Given an array S of n integers, are there elements a, b, c in S such that a + b + c = 0? Find all unique triplets in the array which gives the sum of zero.
Note:
- Elements in a triplet (a,b,c) must be in non-descending order. (ie, a ≤ b ≤ c)
- The solution set must not contain duplicate triplets.

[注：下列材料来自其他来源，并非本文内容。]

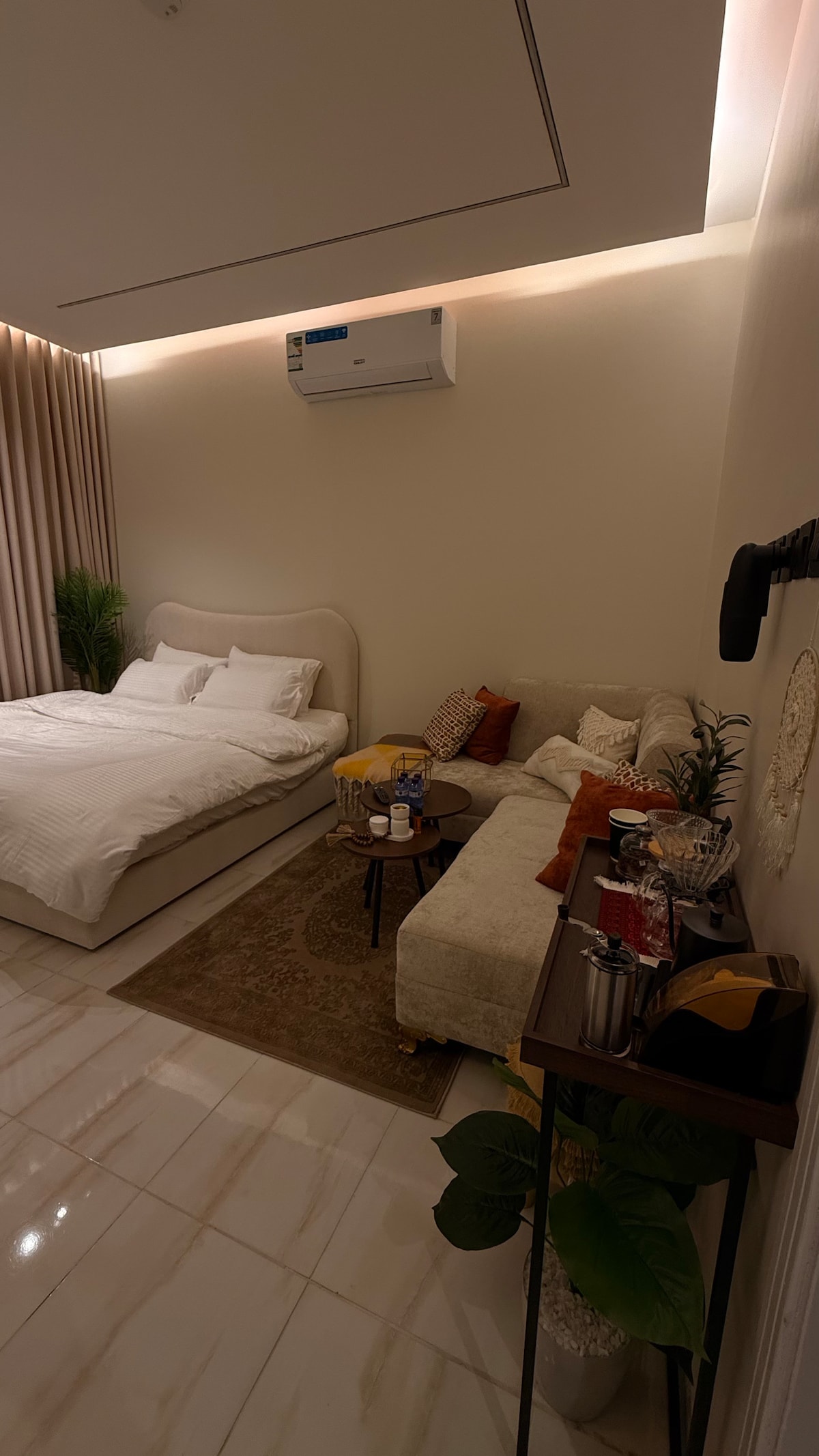 A studio in a special location and a lively area directly behind Al-Othaim Mall, the largest mall in Hail, and you can go to it on foot and near Fahad Al-Arifi Street, where there are the most famous restaurants and cafes, and close to all basic services. It is 9 minutes away from Hail Airport by car. Free internet service and a smart TV with all applications are available. There is a microwave, a refrigerator and a hotel kettle

For example, given array S = {-1 0 1 2 -1 -4},
A solution set is:
(-1, 0, 1)
(-1, -1, 2)
這道題和TwoSum的思路一致,利用雙指針,雙向向中間靠攏。依據題目的意思,首先要保證組合結果有序,所以首先應該對nums排序,其次是,對於nums[i]中的每一個數,在[i + 1, high]的範圍內,找兩個數,使其和爲0 - nums[i], 這一步應該用到Two,但要做修改去重,去重的依據是,相同的數只要計算一次,不能多次計算。題目的重點應該就是在如何去重上。
class Solution {
public:
//類似於Two Sum,對於每一個給定的nums[i],查找是否存在另外的兩個數,使得 nums[i] + nums[j] + nums[k] = 0;
//因爲最後的結果要有序,所以先對nums排序,使其有序;題目的關鍵點是如何避免重複計算,即避免出現重複的(a, b, c)
//這不但可以達到輸出的要求,還可以減少計算
void twoSum(vector<int> &nums, int n, int curStart, int target, vector<vector<int>> &ans)
{
int low = curStart, high = n - 1;
while(low < high)
{
if((nums[low] + nums[high]) == target)
{
vector<int> tmpVec;
tmpVec.push_back(0 - target);
tmpVec.push_back(nums[low]);
tmpVec.push_back(nums[high]);
ans.push_back(tmpVec);
int tmps = nums[low];
while(low < high && nums[low] == tmps)
++low;
tmps = nums[high];
while(low < high && nums[high] == tmps)
--high;
}
else if((nums[low] + nums[high]) < target)
{
int tmps = nums[low];
while(low < high && nums[low] == tmps)
++low;
}
else
{
int tmps = nums[high];
while(low < high && nums[high] == tmps)
--high;
}
}
}
vector<vector<int>> threeSum(vector<int>& nums) {
int len = nums.size();
vector<vector<int>> ans;
if(len < 3)
return ans;
sort(nums.begin(), nums.end());
int i = 0;
while(i < len)
{
int tmptarget = 0 - nums[i];
twoSum(nums, len, i + 1, tmptarget, ans);
int tmps = nums[i];
while(i < len && nums[i] == tmps)
++i;
}
return ans;
}
};